Physician use medical images to find abnormalities in human bodies and to locate the discontinuities. In transmission process sometimes medical images are corrupted due to external noise. Therefore need to improve the image quality, put down the computational complexity and signal to noise ratio. There is need of segmentation to improve performance analysis and image quality. Segmentation method is use to identify important regions in medical images, it is a unique technique for partitioning image into meaningful sub regions or object with same attribute. Proposed method state Principle component analysis and k-means clustering method for segmentation of medical images and extracts meaningful part from medical image in efficient manner. K-means Clustering is the process of extracting meaningful part from image. Adding Principle Component Analysis for feature extraction and formation of precise number of cluster to increase the accuracy.
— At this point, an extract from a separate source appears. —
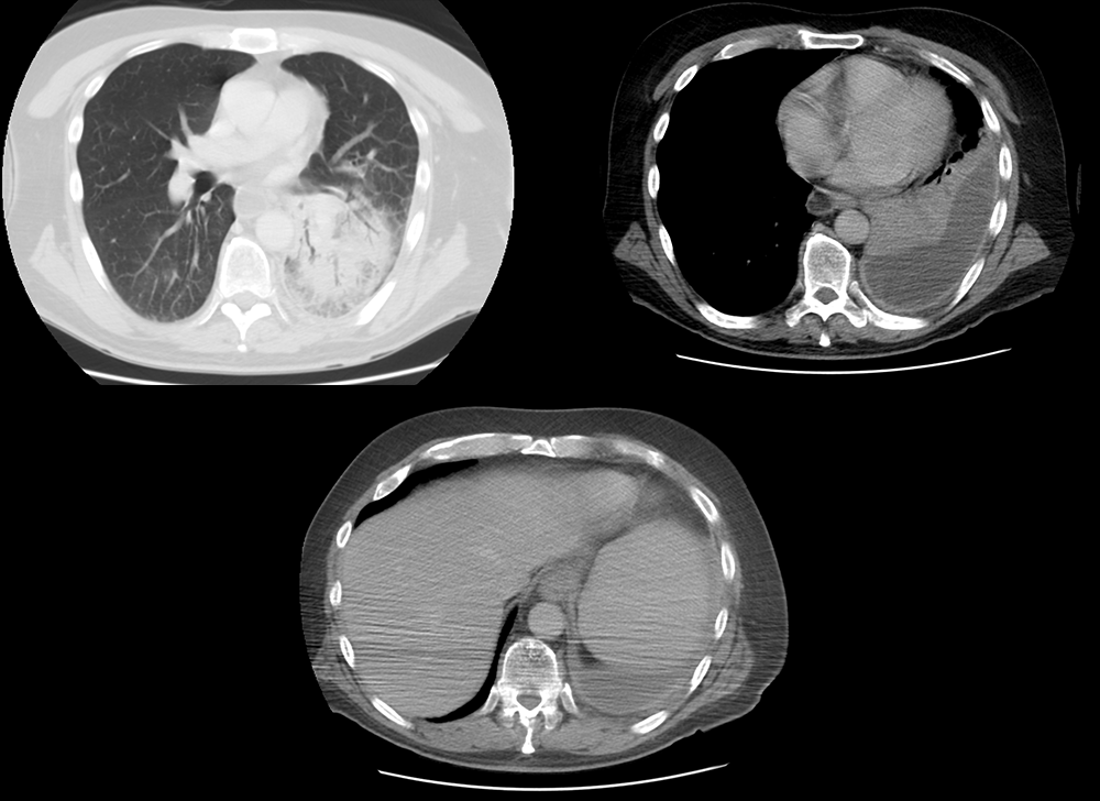 BP: 127/70, HR 104, RR 22, Temp 40.0C, O2 saturation 88%. General: Increased work of breathing. Lungs: reduced breath sounds, decreased tactile fremitus, and dullness to percussion in left lower lung field. Remainder of exam unremarkable.

To develop a system which will perform segmentation of MRI images to locate disorder in better way.
基于PCA和k均值聚类的医学图像分割新方法
医生使用医学图像来发现人体的异常并定位不连续性。在传输过程中,医学图像有时会受到外界噪声的干扰。因此需要提高图像质量,降低计算复杂度和信噪比。为了提高性能分析和图像质量,需要对图像进行分割。分割方法用于识别医学图像中的重要区域,是一种将图像分割成有意义的子区域或具有相同属性的物体的独特技术。提出了状态主成分分析和k-means聚类方法对医学图像进行分割,有效地提取医学图像中有意义的部分。K-means聚类是从图像中提取有意义部分的过程。增加了主成分分析的特征提取和精确聚类个数的形成,提高了准确率。目的:开发一种对MRI图像进行分割的系统,以更好地定位病变。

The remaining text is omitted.